::: SOURCE MATERIAL

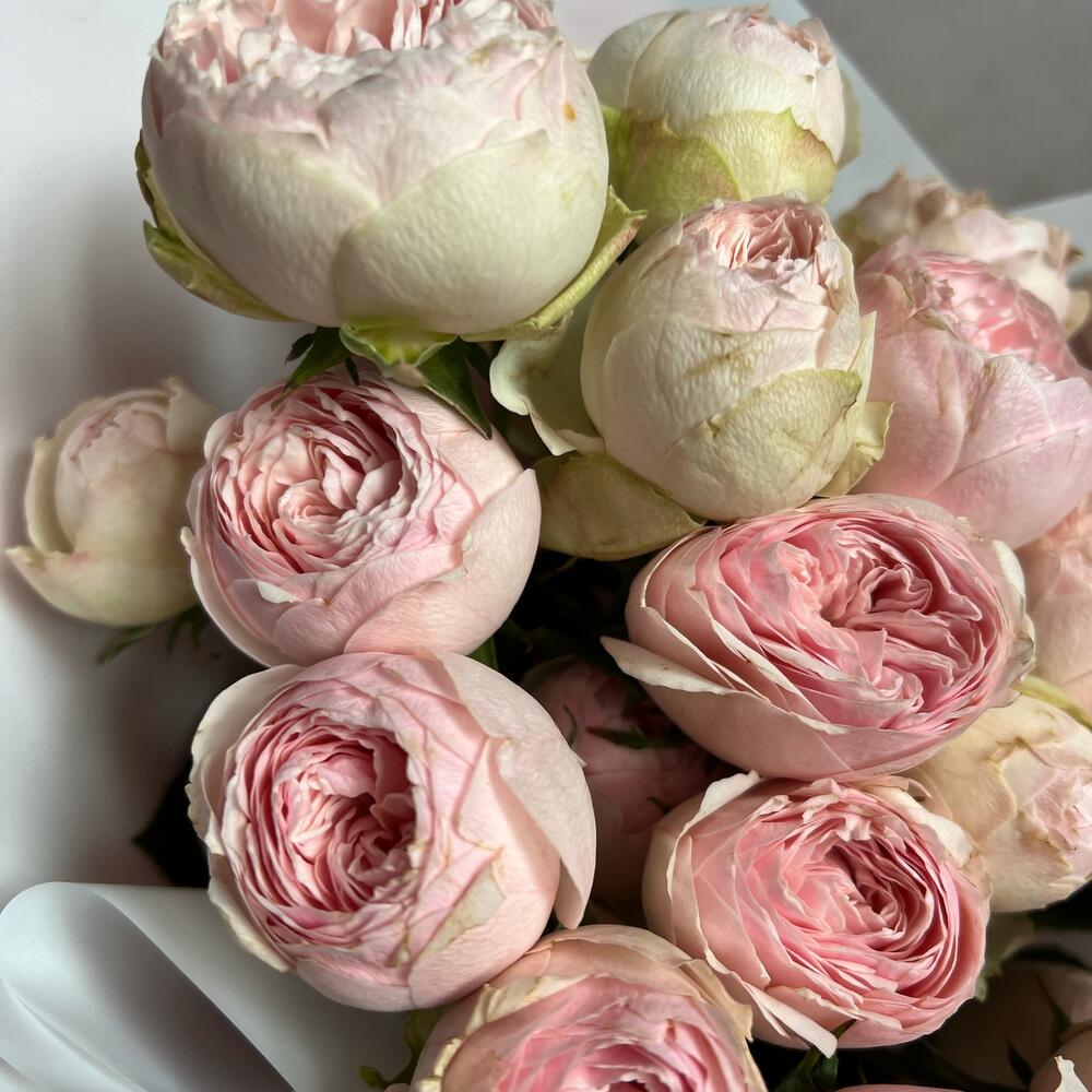 Атласная лента – 1 шт.декоративная упаковка – 1 шт.кустовая пионовидная роза менсфилд парк – 5 шт.
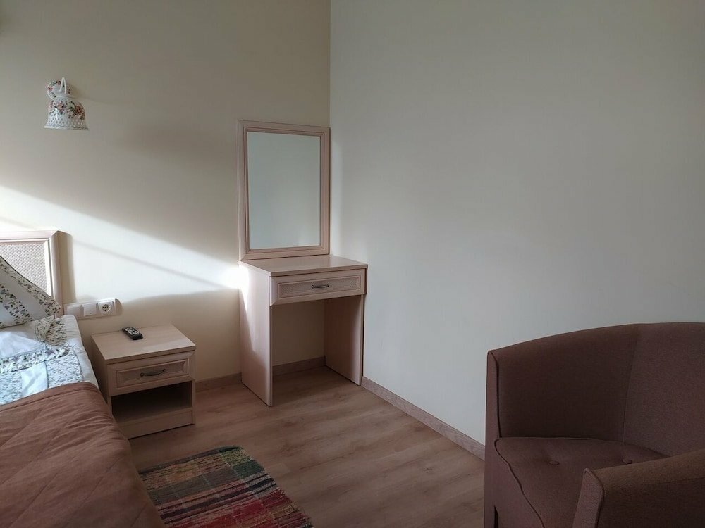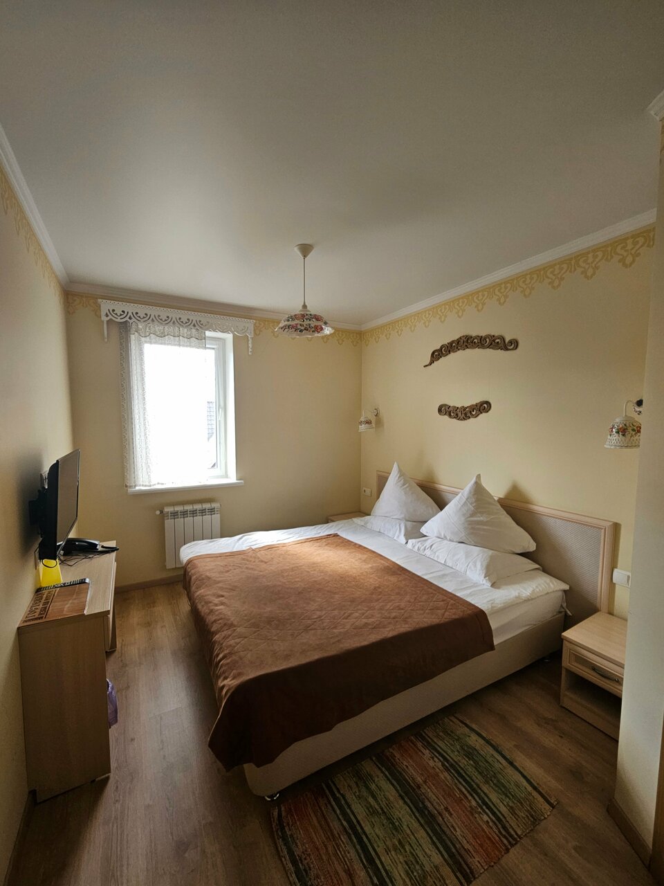 Очень понравилась ! Удобное расположение, парковка рядом, Мебель в номере- массив, рядом с монастырем, чистейшая территория и что удивило, прям во дворе стоял мобильный пункт вакцинации! Постоянно стояли желающие привиться!
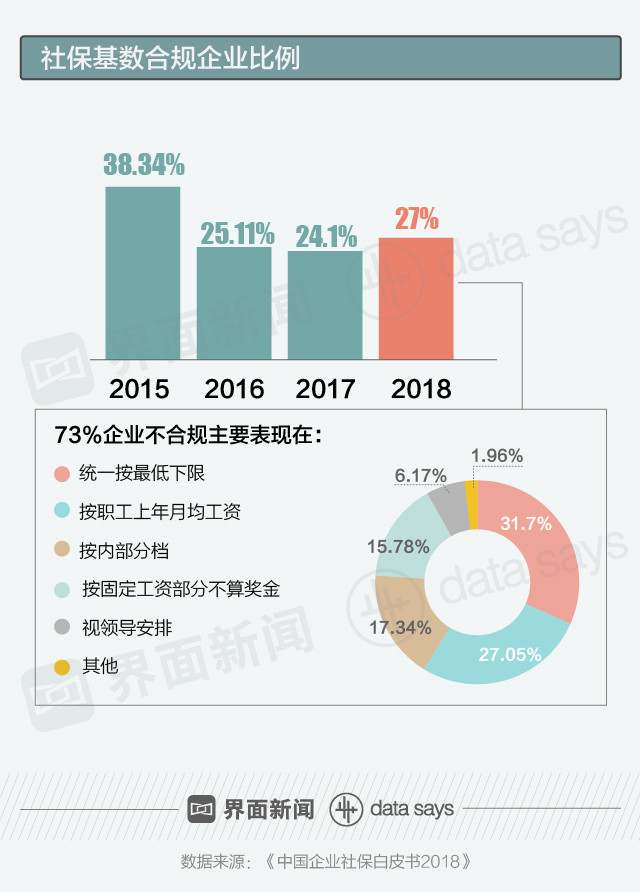 《中国企业社保白皮书2018》数据显示,2018年中国超过七成的企业没有按照国家规定为职工缴纳社保,其中32%都是按照国家规定的下限缴纳。也就是说,大多数职工都没有享受到应有的社保待遇。
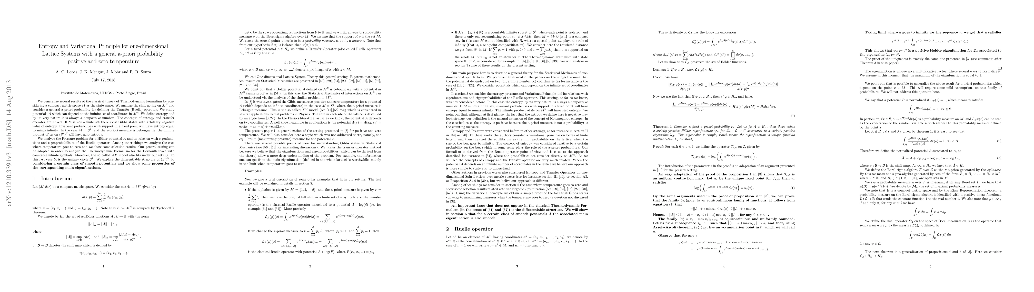 We generalize several results of the classical theory of Thermodynamic Formalism by considering a compact metric space $M$ as the state space. We analyze the shift acting on $M^\mathbb{N}$ and consider a general a-priori probability for defining the Transfer (Ruelle) operator. We study potentials $A$ which can depend on the infinite set of coordinates in $M^\mathbb{N}.$ We define entropy and by its very nature it is always a nonpositive number. The concepts of entropy and transfer operator are linked. If M is not a finite set there exist Gibbs states with arbitrary negative value of entropy. Invariant probabilities with support in a fixed point will have entropy equal to minus infinity. In the case $M=S^1$, and the a-priori measure is Lebesgue $dx$, the infinite product of $dx$ on $(S^1)^\mathbb{N}$ will have zero entropy. We analyze the Pressure problem for a H\"older potential $A$ and its relation with eigenfunctions and eigenprobabilities of the Ruelle operator. Among other things we analyze the case where temperature goes to zero and we show some selection results. Our general setting can be adapted in order to analyze the Thermodynamic Formalism for the Bernoulli space with countable infinite symbols. Moreover, the so called XY model also fits under our setting. In this last case M is the unitary circle $S^1$. We explore the differentiable structure of $(S^1)^\mathbb{N}$ by considering potentials which are of class $C^1$ and we show some properties of the corresponding main eigenfunctions.
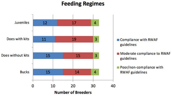 All breeders indicated that they gave access to fresh grass for all their rabbits, however when asked to detail their feeding regime, only four breeders included fresh grass. In compliance with the RWAF guidelines (85% hay, 10% greens and 5% pellets []); appropriate amounts of hay (body sized), a small number of pellets/pellets once daily and greens three or more times a week was given to 45.5% of bucks, 45.5% of does without kits, 33.3% of does with kits and 36.3% of juveniles (Figure 3). Those who gave mostly hay with or without pelleted food and/or greens were considered to be in moderate compliance with RWAF guidelines and accounted for 42.4% of bucks, 45.5% of does without kits, 57.6% of does with kits and 51.5% of juveniles, and those who gave a poor diet; not including hay, and/or feeding of muesli and/or bread accounted for 12.1% of bucks and juveniles and 9.1% of does (Figure 3).
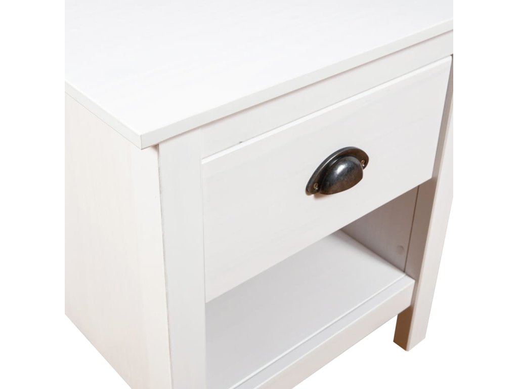 Univerzálne použiteľnú skrinku k posteli môžete použiť aj ako telefónny stolík alebo príručný stolík v obývacej izbe. Nočný stolík je vyrobený z masívneho borovicového dreva a je veľmi stabilný a odolný. Jeho pevná vrchná doka je ideálna na umiestnenie dekoratívnych predmetov, ako sú vázy alebo rastliny v črepníkoch. Drevený nočný stolík je vybavený 1 zásuvkou a 1 poličkou a poskytuje dostatok úložného priestoru na dokonalé usporiadanie rôznych vecí. Tento nočný stolík sa navyše ľahko čistí vlhkou handričkou.
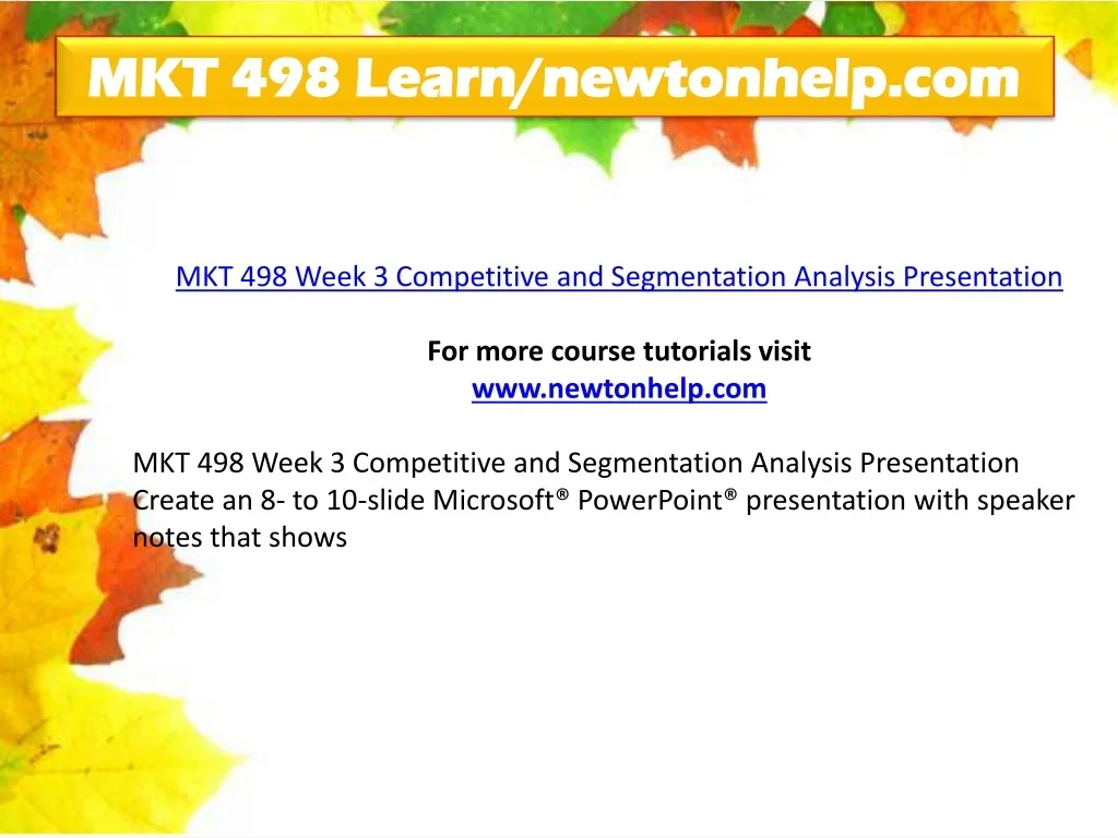 MKT 498 Learn/newtonhelp.com MKT 498 Week 3 Competitive and Segmentation Analysis Presentation For more course tutorials visit www.newtonhelp.com MKT 498 Week 3 Competitive and Segmentation Analysis Presentation Create an 8- to 10-slide Microsoft® PowerPoint® presentation with speaker notes that shows
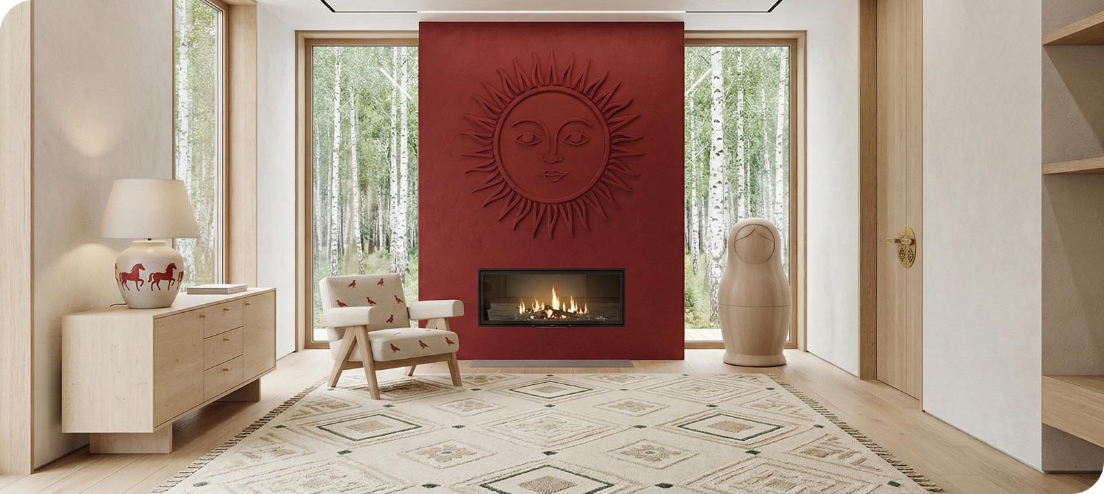 Оттенки брусники, хвои и тумана создают природную гамму, наполняя пространство уютом и гармонией
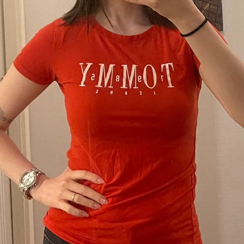 Pirteän oranssi TH t-paita, jonka sain tuliaisina Jenkeistä. Väri ei kuitenkaan osunut itselleni ihan nappiin, joten laitetaan uusi paita kiertoon. Materiaali miellyttävää 100% puuvillatrikoota.
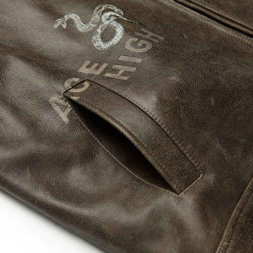 This Hand-Painted Leather Jacket is handmade in England and limited to 4 units. Made-to-order from distressed leather supplied by a Shoreditch-based merchant just a few miles north of our Brixton HQ, it’s cut like a blouson with a silver-tone RiRi zipper and adjustable snaps at the cuffs, and is fully lined in satin for easy layering over sweaters and T-shirts. The jacket has been finished by our 1OF1 artist, Kate, who has hand-painted it with Western-inspired illustrations pulled from our Ace High campaign. The artwork is fully waterproof and scratch resistant.

::::::

## EXERCISE
How would the lines above read from the one with "MKT 498 Learn/newtonhelp.com" to the one with "Pirteän oranssi TH", inclusive, with no pictures? Write them out exactly.

## RESULT OF THE TASK
 MKT 498 Learn/newtonhelp.com MKT 498 Week 3 Competitive and Segmentation Analysis Presentation For more course tutorials visit www.newtonhelp.com MKT 498 Week 3 Competitive and Segmentation Analysis Presentation Create an 8- to 10-slide Microsoft® PowerPoint® presentation with speaker notes that shows
 Оттенки брусники, хвои и тумана создают природную гамму, наполняя пространство уютом и гармонией
 Pirteän oranssi TH t-paita, jonka sain tuliaisina Jenkeistä. Väri ei kuitenkaan osunut itselleni ihan nappiin, joten laitetaan uusi paita kiertoon. Materiaali miellyttävää 100% puuvillatrikoota.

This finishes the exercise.